Its amazing that this little band or group of muscles also carries an emotional association, a sort of attitude of oppression. Although I never recognised it before I found this tension, now I can feel that the releasing carries the sensation of a burden of oppression being lifted off of my head. When I let it go I feel a touch of freedom, a lighthearted "I don't have to feel that way" sort of feeling.

Of course holding this tension is an old, old habit. Teaching my body that it doesn't need it any more takes a while. So all day long, every day, I practise releasing this little area every time I think of it. I tell the tension "thank you for being there when I needed you, but you're not needed any more", and telling myself, "this is right, this feels good, lets feel like this more often".

After a while the new habit takes over, and with it, a tiny little bit of new attitude. There's no big magic cure here, just an accumulation of tiny things overcome and let go.

Growth and healing never is as fast, big, or dramatic as I want it to be. But like the tiny seedlings in my greenhouse this week, small things taken care of, nurtured and allowed to grow can produce abundant fruit.

Wednesday, April 1, 2009

More bread

The weather remains lousy, my Weather Channel desktop keeps sounding thunder at me...





That makes it prime time to keep on baking. I've come to realize that baking good sourdough bread is going to be like learning Tai Chi. You learn it by doing it day after day, month after month. After a while you begin to get a feel for what's right, and you keep on making it, day after day.


This is my fifth batch, most of them have been edible, the best tasting one got left developing in the fridge for way longer than it was supposed to before being baked. I think I will keep that part of the technique. The latest one was really wet and floppy as dough, coming out of the oven it looks good but is still too hot to cut.

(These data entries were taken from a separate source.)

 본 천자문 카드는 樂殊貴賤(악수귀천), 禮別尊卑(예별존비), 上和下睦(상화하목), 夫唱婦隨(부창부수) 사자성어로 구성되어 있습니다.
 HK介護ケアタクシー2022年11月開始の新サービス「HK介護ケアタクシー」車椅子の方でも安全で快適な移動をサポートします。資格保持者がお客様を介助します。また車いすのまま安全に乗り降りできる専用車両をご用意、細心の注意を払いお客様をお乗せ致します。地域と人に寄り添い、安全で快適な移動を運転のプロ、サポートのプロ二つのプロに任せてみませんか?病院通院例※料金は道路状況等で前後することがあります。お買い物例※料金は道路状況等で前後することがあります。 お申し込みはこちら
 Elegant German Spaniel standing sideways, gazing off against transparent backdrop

One thing I didn't expect was that it would take so much advance planning. It seems one should feed the starter 12 hours before one starts the dough, then there is making the dough, letting it sit for 4 or 5 hours, cutting and shaping the loaves, more rising, 12 hours of sitting in the fridge, 3 hours of warming up before just 30 minutes of baking. The first time I tried to do everything exactly right and I ended up setting an alarm clock and getting up in the middle of the night to shape the loaves, dozing on the couch for an hour and then putting the loaves in the fridge before going back to bed. Jeeze Louise! Well, I'm learning to think two days ahead, and doing something with bread every day and every evening. I have loaves at all stages now. I'm also getting a bit more casual about the timing. If something has to be done at a time that is not the time called for in the recipe, it just becomes a learning experience.

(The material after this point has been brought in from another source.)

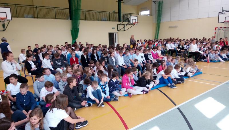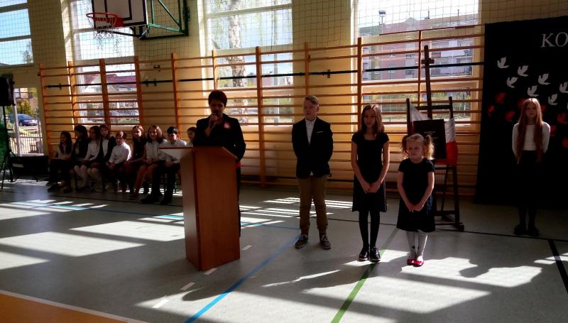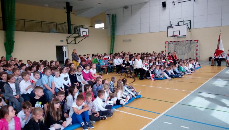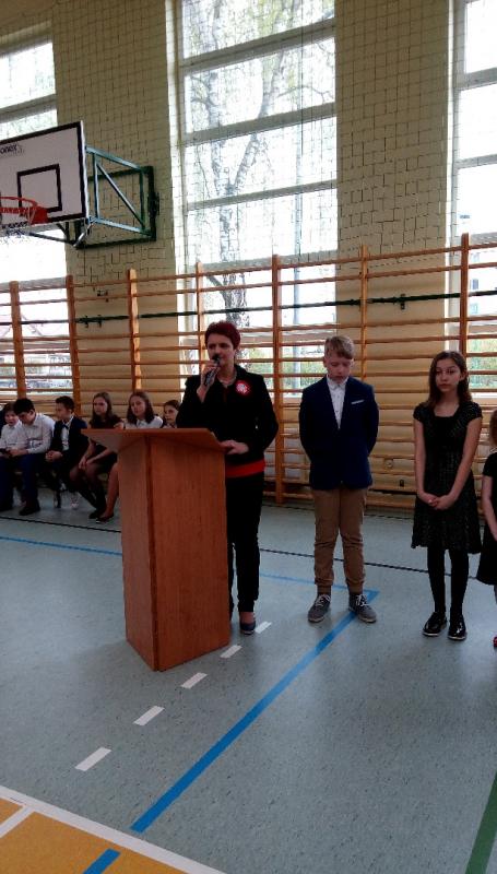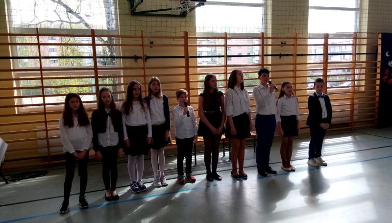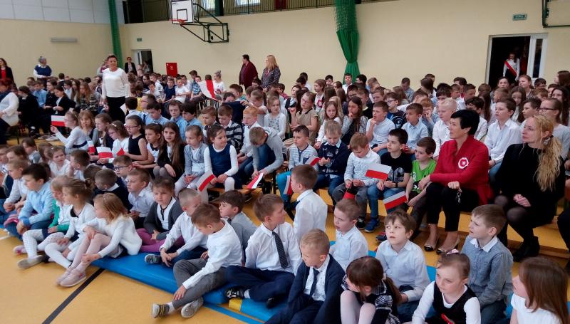 Na wstępie głos zabrała Pani Dyrektor Iwona Nowicka, następnie uczniowie przedstawili część artystyczną. Recytacje i piękny śpiew naszego chóru stworzyły piękną atmosferę tego świątecznego dnia. Galowe stroje uczniów i biało-czerwone akcenty potwierdziły, że warto kultywować takie patriotyczne uroczystości i przypominać uczniom o chlubnych kartach naszej historii.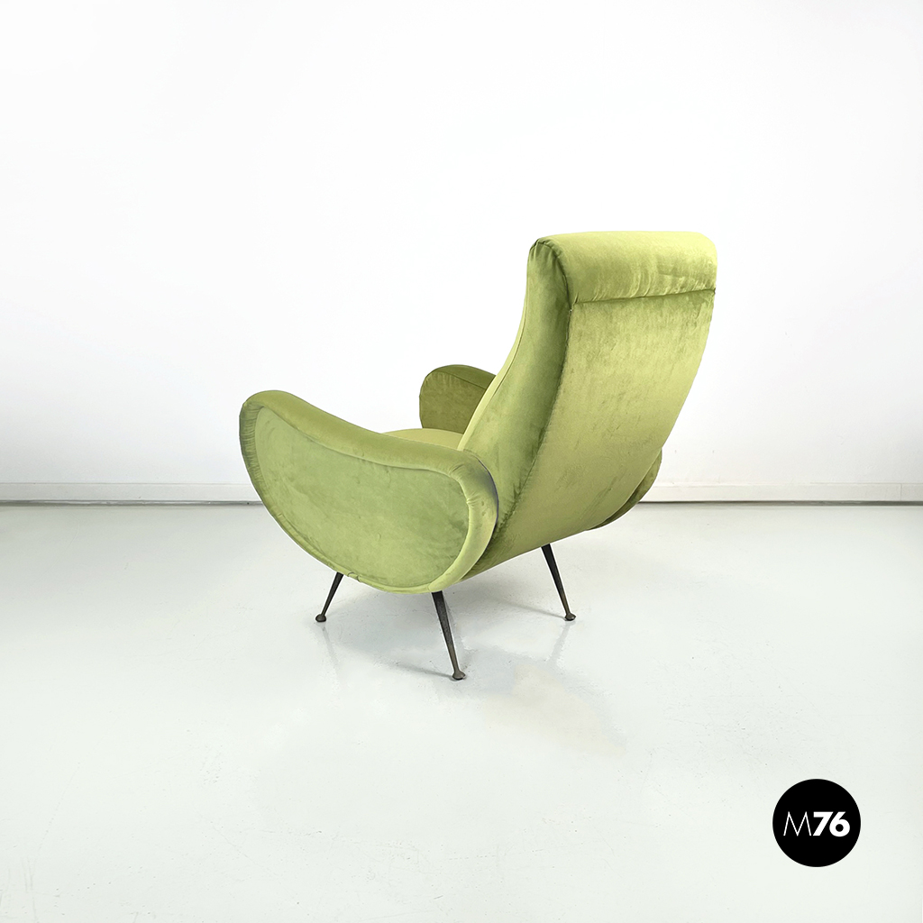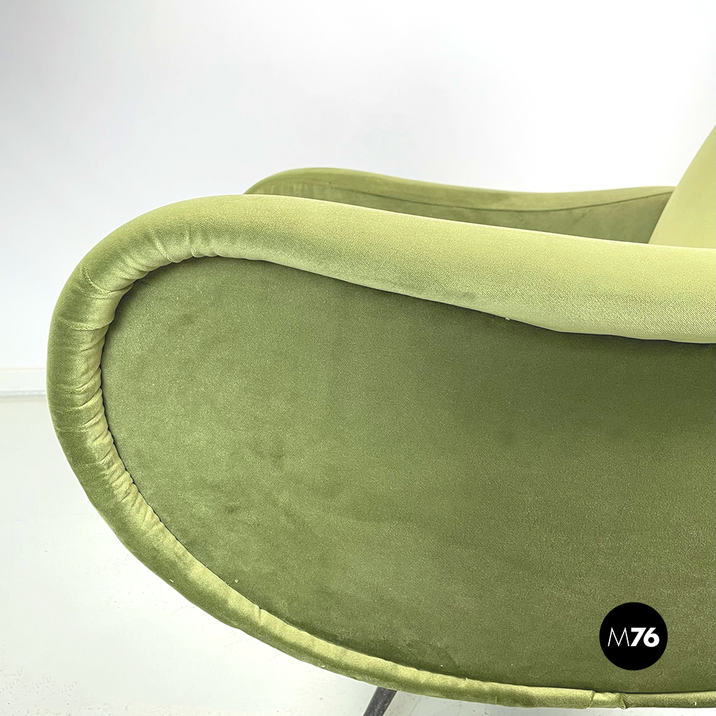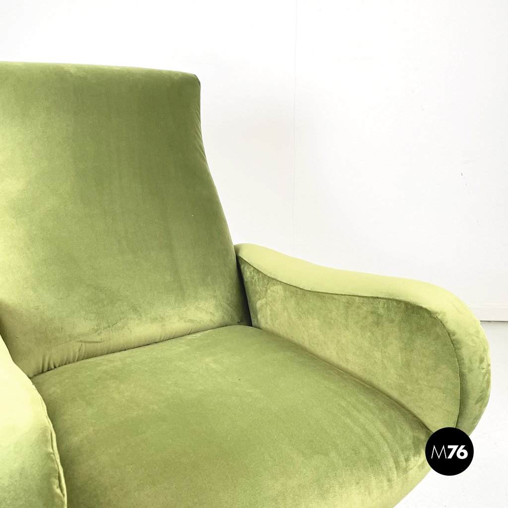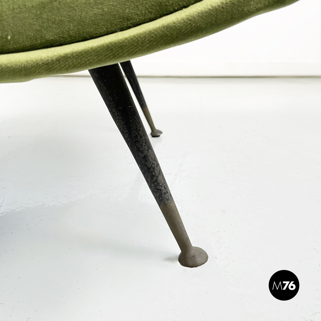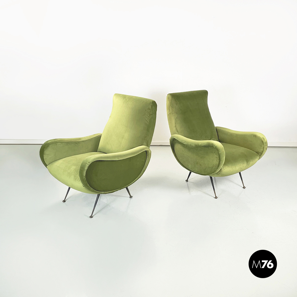 Coppia di poltrone in velluto verde chiaro. I braccioli lo schienale inclinato e la seduta della poltrona presentano dalle forme arrotondate e sinuose. Zampe a sezione tonda con piedini tondi in metallo verniciato nero.

The best so far has been the dog biscuits I made with some extra starter, the recipe was out of the La Brea Bread Book. They're really just thick, dry, sourdough crackers and I can't stop eating them, I love the crunchiness. Oh, and the dogs love them too. It seems the sourdough smells real tasty to them, Chester keeps pointing his nose at the place where the starter is kept on the counter.

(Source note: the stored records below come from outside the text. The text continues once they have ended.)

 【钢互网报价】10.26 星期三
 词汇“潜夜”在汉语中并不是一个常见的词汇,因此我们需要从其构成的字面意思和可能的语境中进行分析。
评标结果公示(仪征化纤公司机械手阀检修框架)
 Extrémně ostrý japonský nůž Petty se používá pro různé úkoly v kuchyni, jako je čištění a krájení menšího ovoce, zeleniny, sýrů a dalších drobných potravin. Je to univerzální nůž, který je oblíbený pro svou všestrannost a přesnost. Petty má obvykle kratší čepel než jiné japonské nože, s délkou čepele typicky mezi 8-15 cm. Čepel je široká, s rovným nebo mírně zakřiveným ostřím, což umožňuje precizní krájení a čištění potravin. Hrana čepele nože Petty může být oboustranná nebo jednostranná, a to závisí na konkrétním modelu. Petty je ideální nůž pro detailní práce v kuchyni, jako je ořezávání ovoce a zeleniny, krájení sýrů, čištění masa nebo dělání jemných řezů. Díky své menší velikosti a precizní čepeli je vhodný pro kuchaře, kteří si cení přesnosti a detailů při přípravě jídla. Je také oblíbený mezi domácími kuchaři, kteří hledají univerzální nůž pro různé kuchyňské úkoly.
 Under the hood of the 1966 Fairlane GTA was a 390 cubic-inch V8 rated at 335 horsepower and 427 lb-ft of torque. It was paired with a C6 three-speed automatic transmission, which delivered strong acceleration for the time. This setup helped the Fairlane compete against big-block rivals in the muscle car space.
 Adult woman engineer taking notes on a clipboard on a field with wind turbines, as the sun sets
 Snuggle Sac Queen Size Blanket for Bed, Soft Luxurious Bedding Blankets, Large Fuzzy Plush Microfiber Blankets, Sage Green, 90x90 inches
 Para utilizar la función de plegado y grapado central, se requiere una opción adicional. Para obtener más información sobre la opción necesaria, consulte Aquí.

As I've said before, I am working with Nancy Silverman's La Brea Bread book. It makes great reading and will tell you everything you need to know, but it's pretty hard to cook from. She recommends that one learn to make a country loaf first, and the recipe takes up 16 pages! After wading through all of that information looking for the actual directions I took a pencil and underlined what I needed, typed it off and printed the one page recipe for my own use. The other recipes are not quite as bad, but one still has to look for the directions amid all of the info. I'm hoping another good bread book will come my way one of these days.

My friend let me borrow the Tassajara bread book, a classic from hippie times. I will be making my first loaf from it tomorrow. Their technique for working with the starter is different so I'm looking forward to seeing if it makes any difference.